I\'m using static initialisation to ease the process of registering some classes with a factory in C++. Unfortunately, I think the compiler is optimising out the \'unused\'
How about using the keyword volatile? It will prevent the compiler from too much optimization.
you could use
#pragma optimize off int globalVar #pragma optimize on
but I dunno if that only works in Visual Studio ( http://msdn.microsoft.com/en-us/library/chh3fb0k(VS.80).aspx ).
You could also tell the compiler to not optimize at all, especially if you're debugging...
I have same setup & problem on VS2008.
I found that if you declare you class with dllexport
it will not optimize.
class __declspec( dllexport ) Cxxx
{
.
}
However this generates a lot of warnings in my case because I must declare all classes used in this class also as dllexport.
All optimizations are off (in debug mode), still this is optimized. Also volatile/pragma optimize off. On global variable created of this class (in same cpp file) etc does not work.
Just found that dllexport does require at least to include header files of these classes in some other cpp file from exe to work! So only option is to add a file with calls to some static members for each class, and add this file to all projects used these classes.
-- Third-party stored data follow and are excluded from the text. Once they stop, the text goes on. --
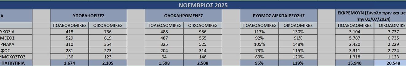 Ο ρυθμός διεκπεραίωσης ανήλθε στο 105% για τις πολεοδομικές αιτήσεις και στο εντυπωσιακό 148% για τις οικοδομικές αιτήσεις, τοποθετώντας τη Λάρνακα στις κορυφαίες θέσεις παγκύπρια ως προς την αποδοτικότητα και την ταχύτητα εξυπηρέτησης.
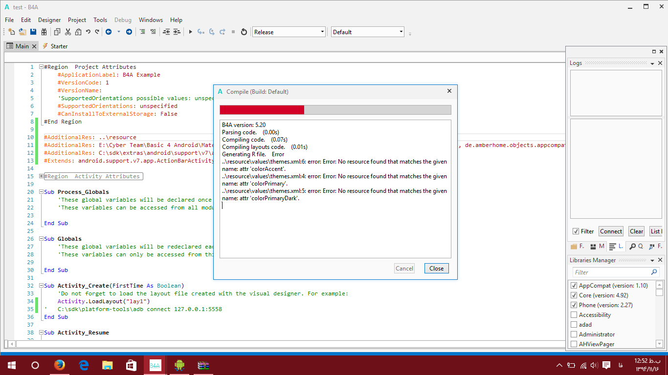 afraz aa 478 ارسال شده در 5 اردیبهشت، 2016 اشتراک گذاری ارسال شده در 5 اردیبهشت، 2016 این کارو انجام دادم نشد که نشد ولی فکر کنم باید مشکلت حل شه چون داره میگه که چنین فایلهایی رو نمیتونه پیدا کنه دوباره سعی کنید و پروژه رو ببندید و دوباره اجرا کنید ببینید چی اتفاقی میوفته در زم اکه امکانش هم هست پوسه resourse رو تو یه پوشه که فارسی باشه نذارید لینک ارسال به اشتراک گذاری در سایت های دیگر تنظیمات بیشتر اشتراک گذاری ...
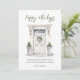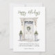 Image d'une porte d'entrée décorée de guirlandes de Noël avec un lettrage "Joyeuses Fêtes" en écriture moderne aquarelle.
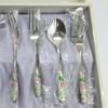 Are you looking for a quaint cake serving set for your next high tea? This Grosvenor Internationale 8 piece silver plate cake set, still in original packaging is just for you. Silver plated forks, spoon and server, with enamel design on the handle with a delicate pale pink flower. original box with pale purple silk lining, never been used. This cute little set would be the perfect accessory for any occasion or a gift for someone special. .... Packed with care for shipping.
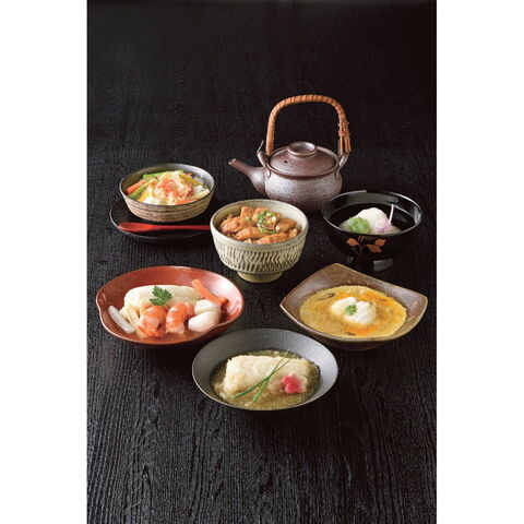 【数量・内容】鱧と生麩のみぞれ煮(鱧40g、梅麩・みつば、大根おろし入出汁135g)、鱧の吸い物(鱧40g(みつば入)、出汁140g)、鱧と鱧子の柳川鍋風(鱧40g(みつば入)、鱧子の柳川鍋風出汁(ごぼう入)150g)、鱧と海老のグラタン180g、鱧と海老の中華あんかけ(鱧と海老60g、湯通し野菜(小芋・筍・大根・みつば)20g、中華あん120g)、鱧のひつまぶし風ごはん(鱧ひつまぶし180g、〆出汁スープ150g)×4
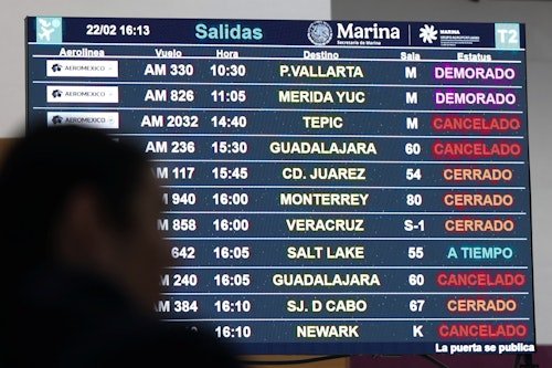 Una pantalla muestra vuelos cancelados a Guadalajara y Tepic en el Aeropuerto Internacional Benito Juárez luego de que las autoridades reforzaron la seguridad tras bloqueos de carreteras y ataques incendiarios perpetrados por el crimen organizado en varios estados, tras un operativo militar en el que, según una fuente gubernamental, el narcotraficante mexicano Nemesio Oseguera, conocido como "El Mencho", fue asesinado en el estado de Jalisco, en la Ciudad de México, México, el 22 de febrero de 2026. Reuters/Luis Cortés.
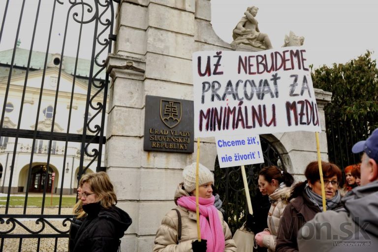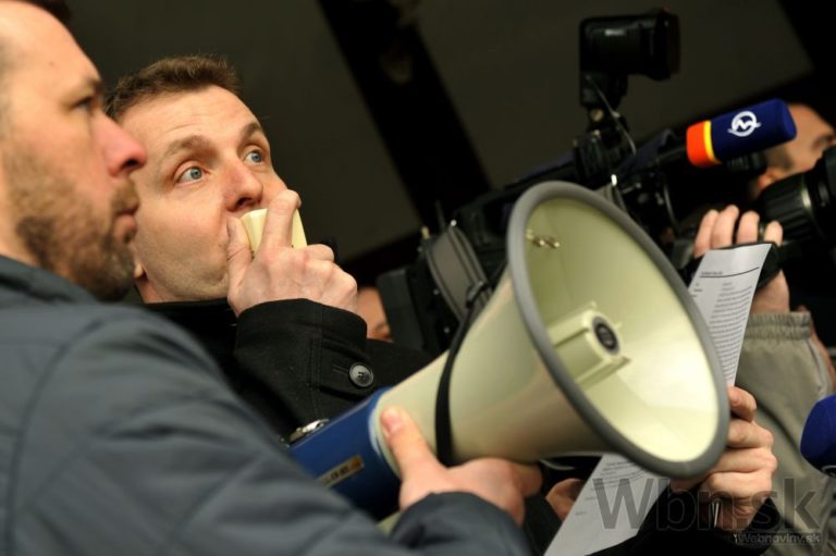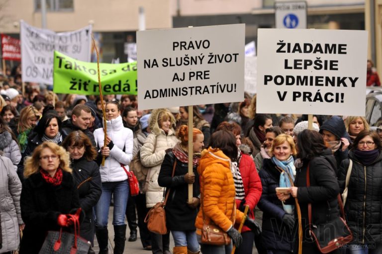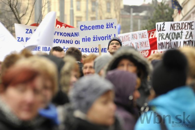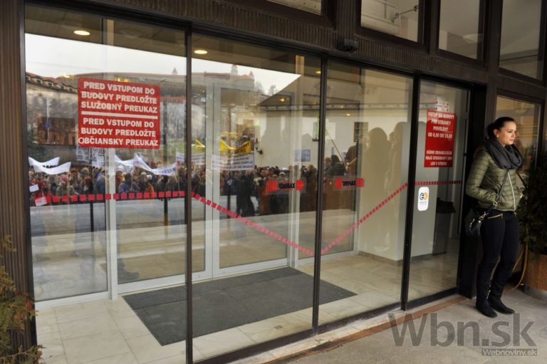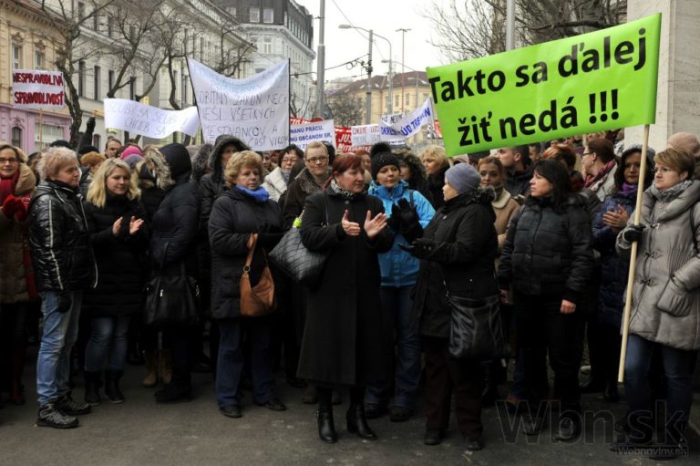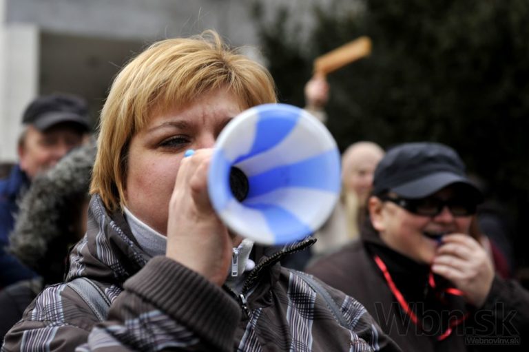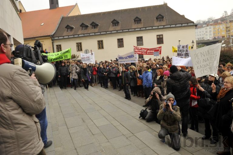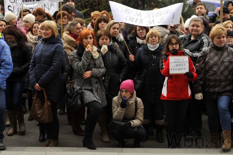 Účastníci protestu pred Úradom vlády SR počas jednodňového výstražného štrajku zamestnancov okresných a krajských súdov v SR pre zlú sociálno-ekonomickú situáciu v rezorte MS SR. Bratislava, 19. február 2015. Foto: SITA/Ján Slovák
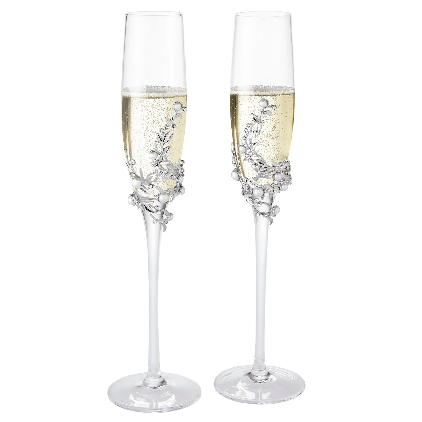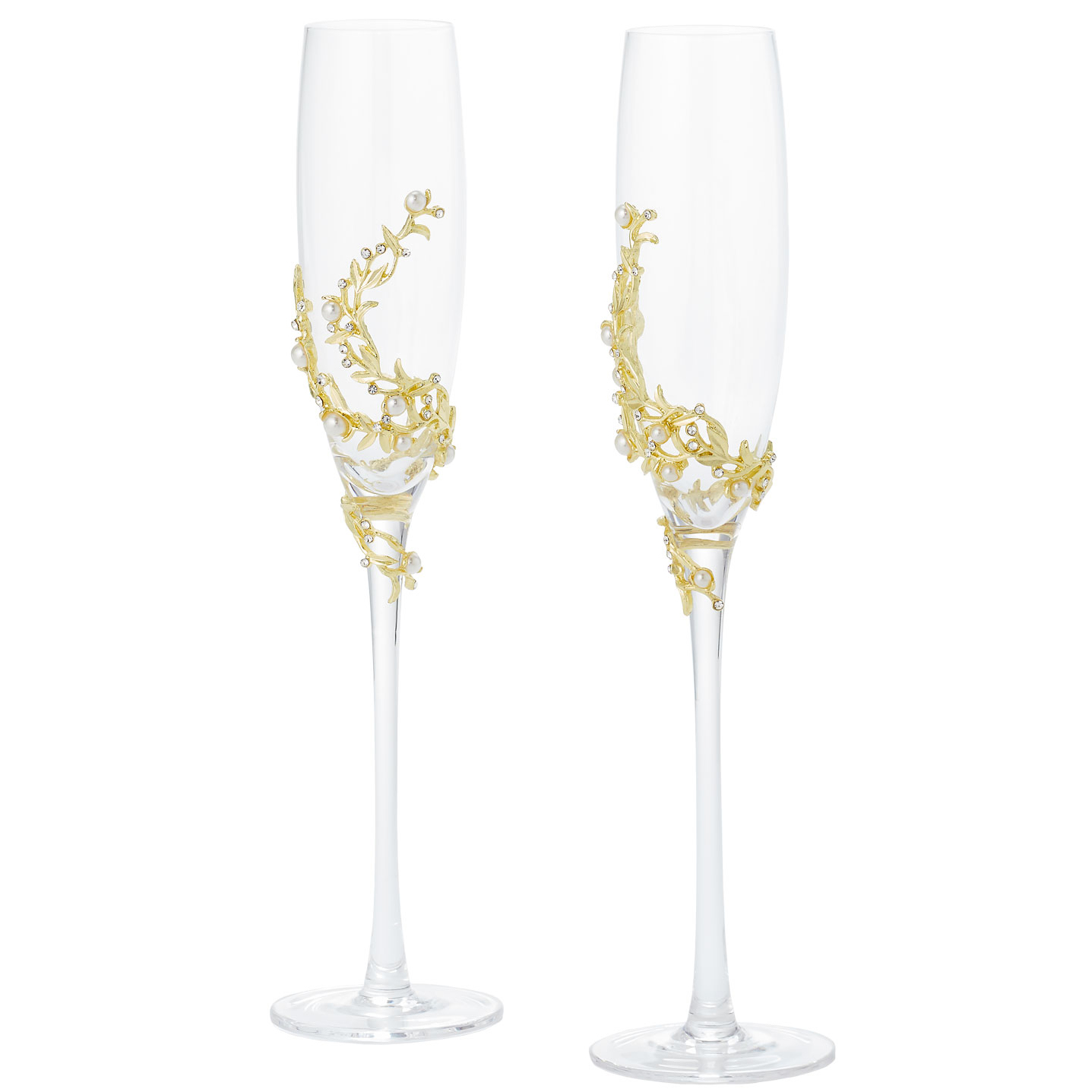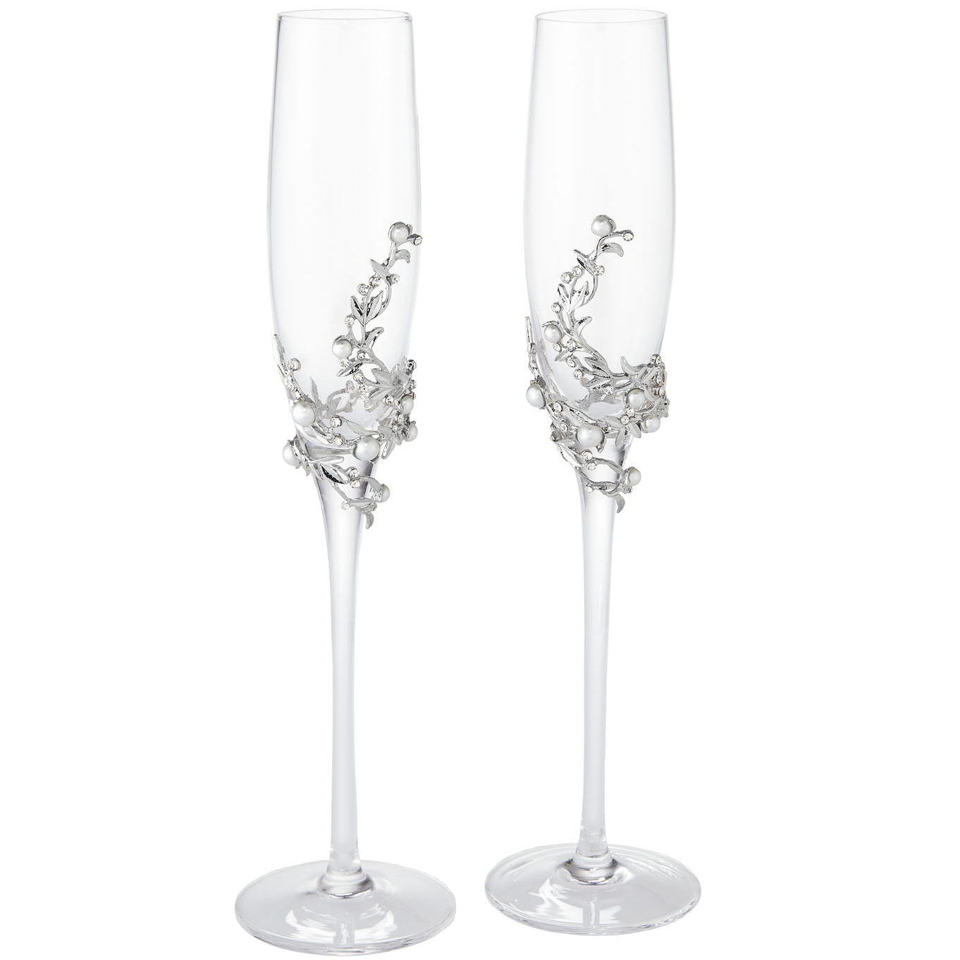 Glass stemmed champagne flutes, wrapped with gold or silver finished pewter adornment. Encrusted with hand-set clear European crystals and faux pearls. Glass can be acid etched. Hand-wash. Signature luxury gift box included.
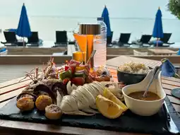The taste is normal for seafood. As for the place, you can eat and look at the sea view.
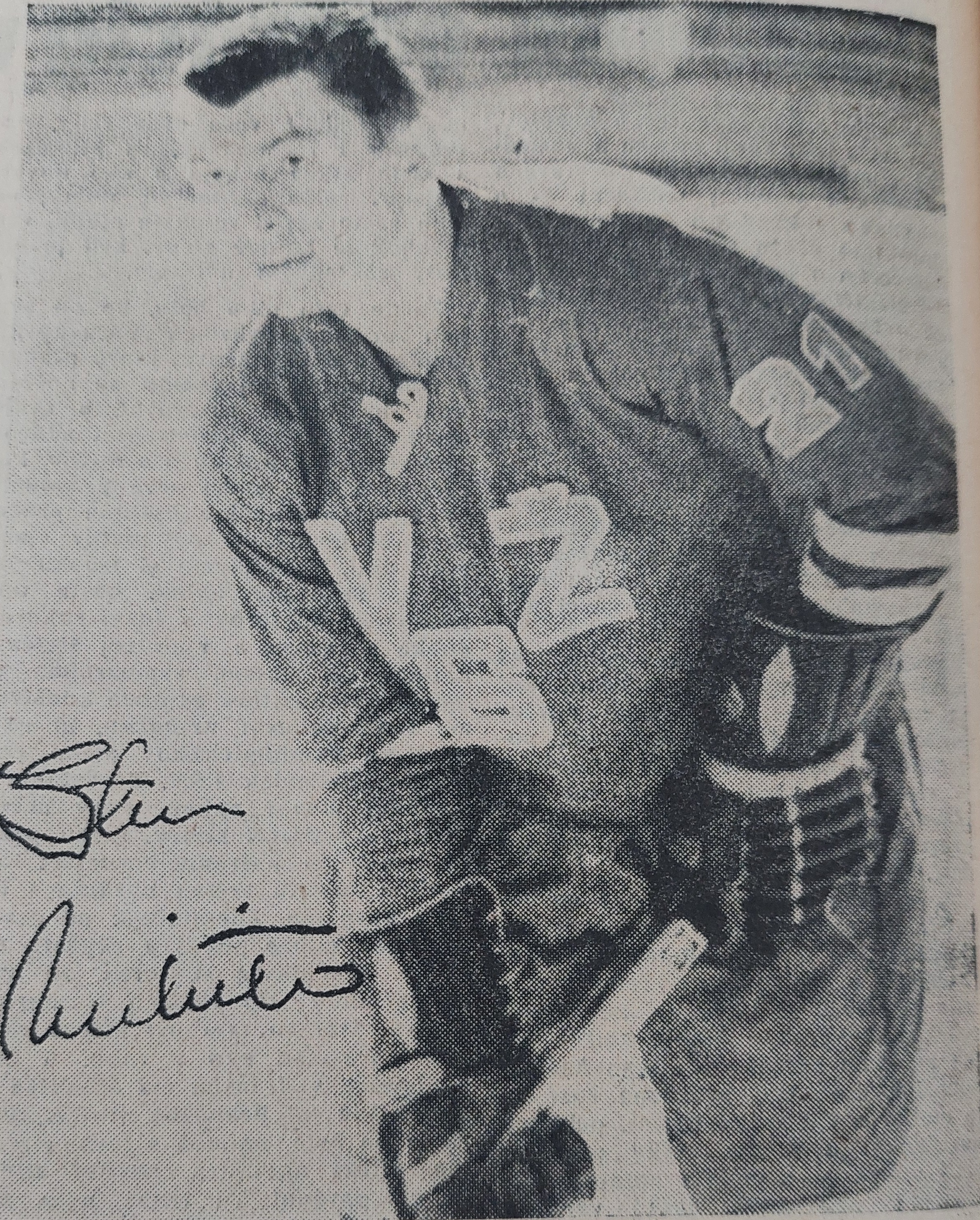 V kinosále nášho učilišťa privítali v utorok vzácnu návštevu. V sprievode podnikového riaditeľa, predsedu PV KSS, PV CSM, vedúceho učilišťa, trénera hokejového mužstva, Štembroka, pdpl. Kovala a mnohých ďalších hostí, prišiel medzi učňov najlepší hokejista sveta v minuloročnej sezóne, náš krajan Stan Mikita.
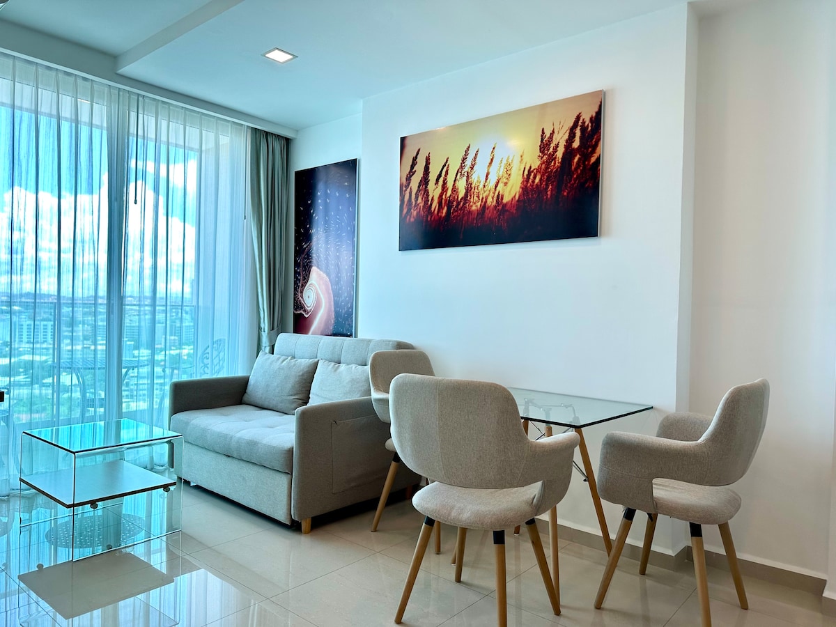 Þessi íbúð með sjávarútsýni er staðsett í hjarta Pattaya og er steinsnar frá ströndinni. Það er stutt í göngugötuna, bryggjuna og Central Malls. Sundlaugin á 31. hæð býður upp á yfirgripsmikið útsýni yfir Pattaya þar sem sjóndeildarhringurinn bráðnar í gylltu sjónarhorni sólsetursins. Að innan blandar glæsilegar hitabeltisskreytingar saman gamaldags sjarma og nútímaþægindum með king-size Sealy dýnu fyrir úrvals svefn. Fullkomin bækistöð fyrir kröfuharða ferðamenn – með kaffi frá Nespresso til að byrja daginn vel.

The compiler should never optimize away such globals - if it does that, it is simply broken.
You can force that one object (your list of types) pulls some other objects with it by partially linking them before building the complete static lib.
With GNU linker:
ld -Ur -o TypeBundle.o type1.o type2.o type3.o static_list.o
ld -static -o MyStaticLib.a type_bundle.o other_object.o another_object.o ...
Thus, whenever the static list is referenced by code using the library, the complete "TypeBundle.o" object will get linked into the resulting binary, including type1.o, type2.o, and type3.o.
While at it, do check out the meaning of "-Ur" in the manual.
The compiler is not allowed to optimiza away global objects.
Even if they are never used.
Somthing else is happening in your code.
Now if you built a static library with your global object and that global object is not referenced from the executable it will not be pulled into the executable by the linker.